You can’t imagine life without your dog. Just the thought of her makes you smile. You buy her gifts, celebrate her birthday, and can’t stop hugging and kissing her.
But does your dog love you as much as you love her?
I Like My Dog, Does My Dog Like Me?
Researchers in Sweden did experiments to see if dogs returned the obvious affection their people had for them.
They did find that dogs whose people played with them were more excited to see their people again after an absence. But they also found that the dogs in the study stayed close to their people instead of exploring or playing.
The researchers concluded that the human’s presence did not make the dogs feel secure. If it had, they would have gone off exploring on their own secure in the knowledge that their humans were there to support them if needed. Much like the secure and happy toddlers studied in the same research facility.
And there’s the big problem with the study.
Dogs Are Not Children
Repeat after me, “Dogs are not children. Dogs are not children.”
That doesn’t mean that we can’t have similar nurturing feelings toward dogs that we have toward children. Or that dogs don’t depend on us for care and training the way children do. Or even that referring to ourselves as pet parents is a bad thing.
Dogs have many similar traits to young children. Even Alexandra Horowitz said so when she asked, Is Your Dog Smarter Than a Two Year Old?
But when we do research involving dogs, we can’t use the same methods we use with children and expect to get accurate results. And we can’t judge a dog’s attachment or affection for us by the standards we use to judge a child’s.

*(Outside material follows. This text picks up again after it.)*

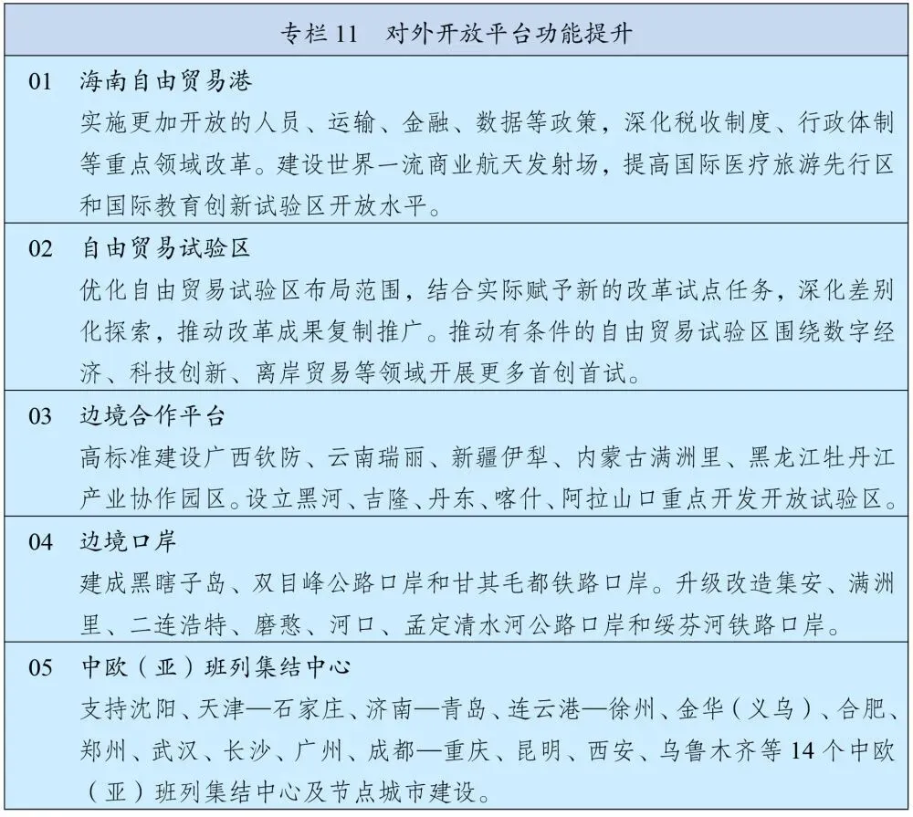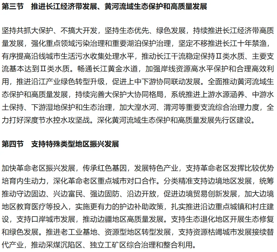 聚焦大保护、大开放、高质量发展扎实推动西部大开发形成新格局,立足功能定位、资源禀赋和产业基础,做强做大特色优势产业,实施一批生态屏障建设重大工程,以开放通道、枢纽节点、平台载体建设促进对内对外开放。立足维护国家国防、粮食、生态、能源、产业安全推动东北全面振兴取得新突破,完善能源通道和交通网络,持续巩固提高粮食综合生产能力,推动科教、农业、生态等资源优势转化为发展成效,加快推进向北开放。开创中部地区加快崛起新局面,强化粮食和能源原材料保障能力,做优做强现代装备制造及高技术产业,建设综合交通运输枢纽体系,推进内陆地区高水平开放。鼓励东部地区加快推进现代化,加强原创性、颠覆性科技创新,引领建设具有国际竞争力的先进制造业集群和现代服务业高地。

The Wrong Way To Study Dogs
…the researchers employed Ainsworth’s Strange Situation Procedure, originally developed to measure the degree of attachment between human toddlers and their parents. The test procedures generally involved putting a dog alone in an unfamiliar room, then reuniting him with his owner, or introducing him to a stranger, and seeing how these different situations changed the dog’s behavior. [emphases mine]
Did you pick up on the big mistake the researchers made?
They conducted the test in an unfamiliar room.
Think about it. Babies and toddlers go everywhere with their parents—stores, restaurants, churches, other homes. So a child would be less started in an unfamiliar room than a dog would.
Except for service dogs, most dogs go for walks, to the vet, maybe to visit a friend. Most dogs do not go to strange rooms with their people on a regular basis. So this is already weirder for the dog than it would be for a human child.
The second problem came when the researchers interpreted the dog’s behavior when their person returned to the room. They found that dogs continued to cling to their people instead of exploring the way a secure child would. To the researchers, it appeared the dogs were not securely attached to their people enough to feel safe exploring.
There are two problems with this conclusion:
1. An unfamiliar room is a terrible place to test a dog’s confidence to explore while thinking of their person as a secure base. How about trying the same experiment in a dog park?
I have no doubt Honey would stay right by my side in a weird white room. But at the dog park? She’s happy to run off to play while occasionally checking in to make sure I’m still around.
2. And who says proper attachment for a child is the same as a proper level of attachment for a dog?
Humans evolved to raise their young for a very long time before sending them off into the world to raise their own families. Dogs evolved to work cooperatively with humans for life.
So where does this leave us? How can we know whether our dogs love us as much as we love our dogs?
How To Be Sure Your Dog Loves You
I believe with all my heart that our dogs love us when we love them the way they want to be loved.
What does that mean? Dogs want us to be an unending fountain of good things:
If we spend at least 2/3 of our time trying to give our dogs what makes them happy, I think they reward us with whatever dogs consider love. And if we occasionally do things that are just for us that don’t cause any real harm to our dogs (for me, it’s kissing Honey’s ears; for someone else it might be painting your dog’s toenails), I don’t think they’ll hold it against us.
I can’t be sure of that. I don’t have an MRI machine to tell me what part of Honey’s brain lights up when I come into the room. Or a fancy lab where I can conduct experiments.
But Honey looks happy to see me when I come home. She’s excited when I take her to her favorite places. And she dances with joy when I start training.
Is it just hormones and the brain that’s causing these responses? Maybe. But if so, it’s also true for me.
So if you ask me does my dog love me as much as I love my dog, I’d say yes. But I love Honey the way a human loves someone and she loves me the way a dog loves someone. And that’s just fine with me.
Celebrating My 1000th Post
I always tell myself that a birthday or anniversary is no more special because it ends with a 0. But there’s something thrilling about that zero.
Today, the blogometer turned over to 1000. This is the 1000th post I’ve published at Something Wagging.
Thank you, friends, for inspiring me to write (this post was inspired by my Facebook friends) and for giving me someone to write to. I don’t know if I have another 1000 posts in me. Or even another 1000 words. But I hope you’ll hang around and chat back as long as we keep going.
Your Turn: What are the signs that your dog loves you?